Sempre foi comum na mídia gracejos de desprezo contra os populistas da “esquerda” consentida e legitimadora do neoliberalismo, tipo Evo, Correa, Bachelet, Maduro. O dócil Lula foi apresentado à plateia de uma palestra em Nova York pelo editor-chefe do Wall Street Journal, Robert Thomson, como “um dos mais importantes porta-vozes do livre comércio no mundo”. Um liberal.

Agora que os manipuláveis declinam, já não acham mais tanta graça na onda de populismo puxada pelo incontrolável presidente estadunidense Donald Trump e seu temível botão de bombar: a direita populista vence eleições em penca no vácuo dessa “esquerda” fingida e submissa.

Não é o ato de defender as coisas do povo que faz o populismo: é a demagogia. É usar palavras de ordem populares sem intenção de concretizá-las, como Lula falando em Reforma Agrária. Populismo é a ação explícita de engabelar os ingênuos com intenções maliciosas: saiba o que o povo quer e prometa; saiba o que o povo teme e se apresente como seu xerife.

A organização Human Rights Watch colocou o “desafio populista” como a grande luta dos direitos humanos em 2018. Denuncia que os governos, por incapacidade de fazer frente às consequências da crise mundial, que da economia vazou para crises ambiental, sanitária e humanitária, fortalecem a propaganda e a repressão para impedir o povo de reagir contra a má governança.

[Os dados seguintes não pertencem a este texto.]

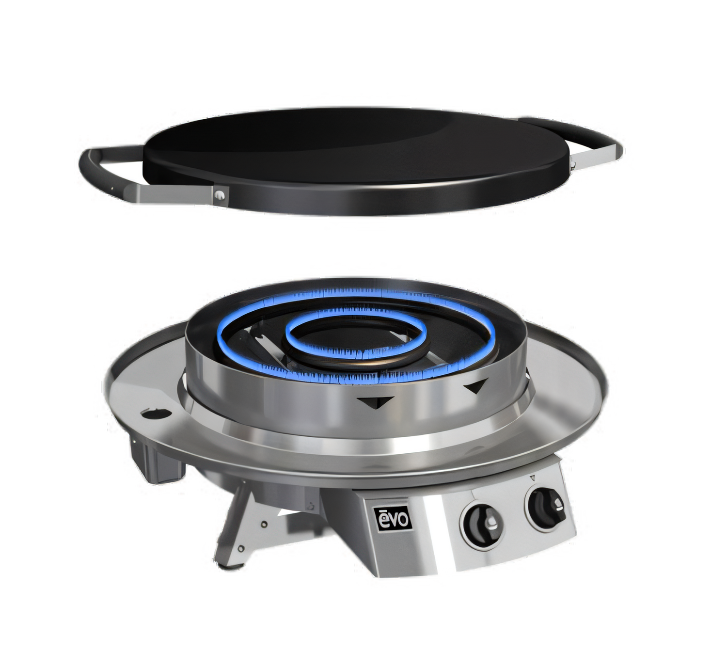 (QUICK SHIP) Evo® Professional Commercial Series Cooking Station, propane, countertop, outdoor use, 30" diameter black seasoned steel removable cooking surface (plancha), 2 round inner & outer temperature zones, temperature range: 220°-550° F (121°-288° C), separate control knobs for inner & outer burners, electric push button ignition, heat shield, quick release removable stainless steel drip pan & burners, stackable, includes: cleaning kit, (2) stainless steel spatulas, (1) stainless steel scraper, 48,000 BTU, NSF, CE, Made in USA (fully assembled) (Ships within 1-2 days)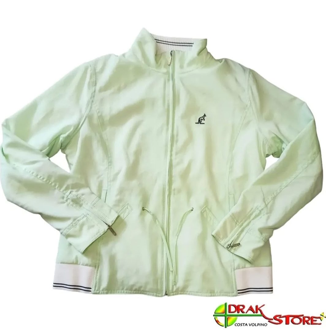 Giacca Australian da donna ideale per gabber, in tessuto tecnico foderato in cotone, bianca e nera con logo “canguro” oro ricamato sul cuore, stampa oro sulla schiena, zip frontale e alle tasche, vestibilità slim-fit / sciancrata. Composizione tessuto esterno 100% poliestere, fodera interna a contatto con la pelle 100% cotone.

Daí a criação do inimigo interno, o nacionalismo contra o inimigo externo, a corrida armamentista, militarismo e pau no lombo do povo descontente. Nas eleições, prometem mel. No poder, cassetete. De Moscou ao Oiapoque, de Nova York ao Chuí. É o populismo de direita, agressivo, autoritário, violento. Contra esse populismo, como gracejar?